Cela fait deux mois bien sonnés que le théâtre Graslin est occupé par les acteurs culturels, bien décidés à faire entendre leurs revendications. A la suite du théâtre de l’Odéon de Paris dont l’occupation a commencé le 4 mars, jusqu’à 150 lieux de spectacles ont été embarqués dans un impressionnant mouvement de contestation, lieux parfois expulsés mais suivis d’ouvertures nouvelles, allant jusqu’à essaimer hors des frontières – Bruxelles, Milan, Naples, Rome, Athènes.

Le 10 mars, Nantes marquait son entrée dans le mouvement en occupant Graslin, puis, dans le département, Saint-Nazaire, Couëron, Ancenis, Clisson...
Très vite, autour de l’opéra Graslin s’ est retrouvé l’ensemble des acteurs du monde culturel, intermitentes et intermitents, techniciennes et techniciens, artistes... soutenus par le personnel du lieu, et par les élus de la Ville, notamment Aymeric Seasseau, adjoint communiste à la culture.

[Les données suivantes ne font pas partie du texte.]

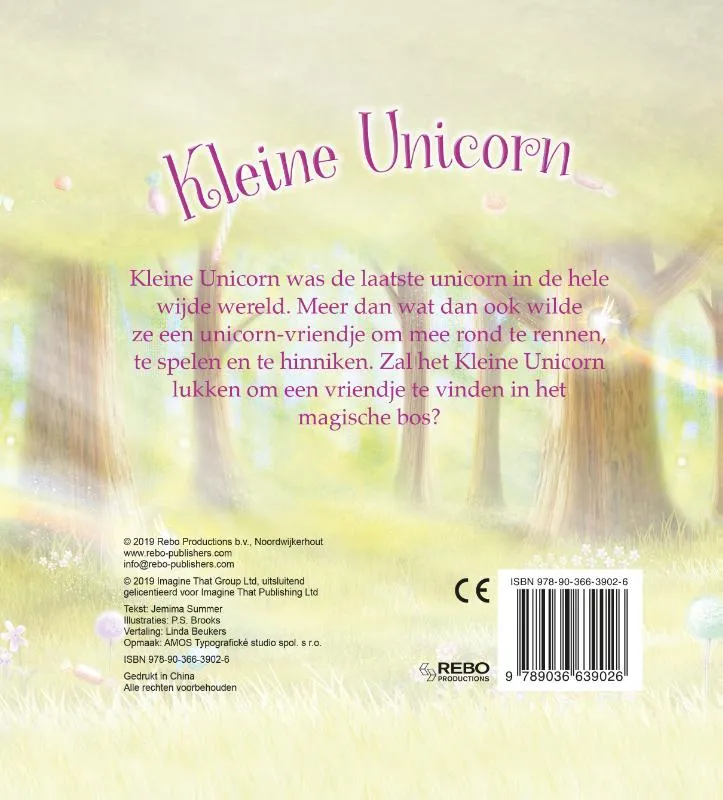 Kleine Unicorn was de laatste unicorn in de hele wijde wereld. Meer dan wat dan ook wilde ze een unicorn-vriendje om mee rond te rennen, te spelen en te hinniken. Zal het Kleine Unicorn lukken om een vriendje te vinden in het magische bos?

Depuis deux mois, tout en permettant que se déroulent normalement des répétitions et des captations de spectacles, le théâtre Graslin et la place ont été le lieu de convergences de toutes les mobilisations. Le personnel du CHU a même mis en place un « bureau de recrutement » sur la place pour alerter sur les sous-effectifs et le manque de moyens du secteur de la santé. La CGT spectacle, très présente, donne le ton. Seul bémol, le collectif occupant les lieux n’a pas eu la possibilité d’adresser de communiqué lors des captations. 
Sur place ont lieu des assemblées générales parfois animées, des réunions thématiques et, tous les jours à 13 heures, devant les marches, une agora où se relaient les prises de parole, des lectures, des performances...  Parfois, le bouillonnement de la place déborde, et la chorale des intermittents va annoncer le couvre-feu ou animer les manifestations politiques et syndicales : premier mai, postiers, électriciens... 

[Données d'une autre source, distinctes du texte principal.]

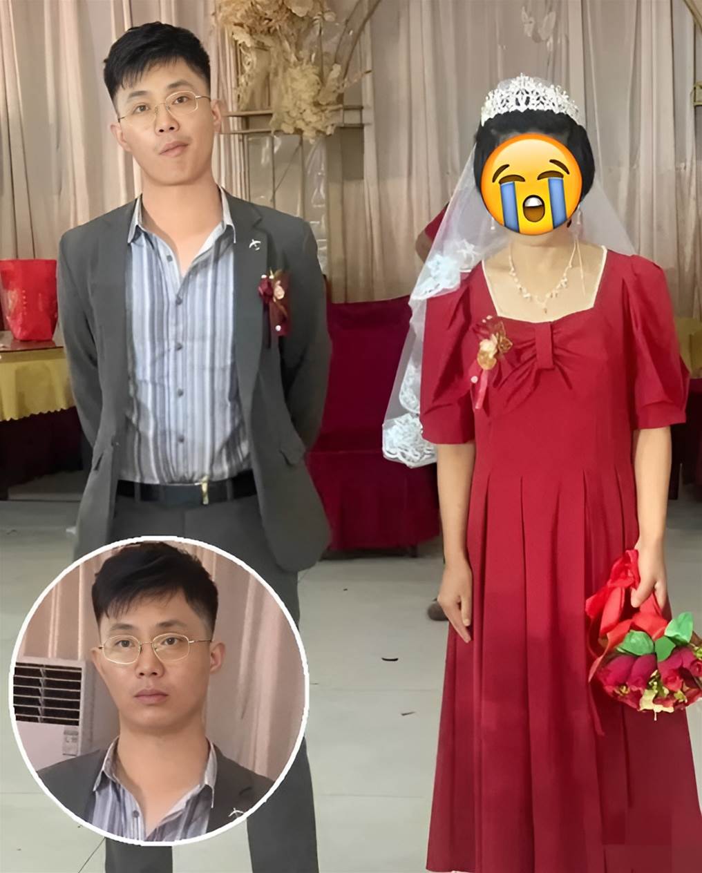 照片中,新郎穿著一身筆挺的灰色西裝,身材挺拔且長相清秀,正值人生的大好年華。然而,與一般婚禮上喜氣洋洋的氛圍不同,新郎自始至終沒有露出半點笑容:

L’heure est maintenant aux annonces de réouverture. Des séances de travail avec les directrices et directeurs des lieux culturels permettent aux occupants de mettre sur la table les revendications qui se font jour (voir encadré). Il paraît évident qu’une reprise « sèche » est difficilement envisageable et qu’il va falloir tenir compte de l’état de fragilisation avancée d’un secteur mis à l’arrêt depuis plus d’une année. Celui-ci ne pourra redémarer que peu à peu, avec des jauges réduites, pour des grandes salles seulement, des festivals annulés... Pour réouvrir sereinement, il semble indispensable de mettre en place un plan conséquent de reprise de l’emploi concernant l’ensemble du secteur et intégrant un report des droits sur plusieurs mois encore. Outre la dimension économique – quid des heures non travaillées par les intermittents ? -, il y a une véritable volonté de proposer au public des spectacles porteurs de messages de sensibilisation aux problèmes du secteur. Afin que la reprise ne se fasse pas sur un mode dégradé, le collectif en appelle aux pouvoirs publics et souhaite de leur part un engagement clair.

Samedi 22 mai, le collectif d’occupation invite chacune et chacun à venir avec son casse-croûte partager un « banquet de la colère ».


Réouverture des lieux culturels : pour une reprise solidaire
(extrait du communiqué des directrices et directeurs des lieux occupés)

Nous demandons à l’État de prendre au plus vite des mesures budgétaires adaptées au contexte de crise inédit que nous traversons, comme il l’a fait pour d’autres secteurs

La prolongation de l’année blanche pour les intermittent·e·s du spectacle et du cinéma jusqu’au 31 août 2022 ;
Un soutien à toutes les structures en difficulté, qu’elles soient publiques ou privées (théâtres, salles de spectacles ou de concerts, mais aussi discothèques, cafés-culture, tiers-lieux, lieux d’accompagnement et de professionnalisation, musées et galeries, festivals etc.), et quels que soient leur taille et leur territoire, afin de lever les obstacles à la diffusion des spectacles dans les 24 mois qui viennent ;
Un plan de relance pour l’emploi culturel qui permette de rémunérer au juste prix les répétitions, résidences, temps de recherche, entraînements, etc. des équipes artistiques ;
Des dispositifs d’accompagnement spécifique pour les auteur·rice·s etcompositeur·rice·s, ainsi que pour les jeunes professionnel·le·s, notamment les primo-entrant·e·s dans le régime de l’intermittence ;
Un soutien urgent aux organismes sociaux du secteur culturel : CMB, AFDAS et Audiens ;

Le retrait de tout projet de réforme de l’assurance chômage dans un contexte où les plus fragilisé·e·s de nos concitoyen·ne·s sont déjà les grandes victimes de la crise sanitaire et économique que nous traversons.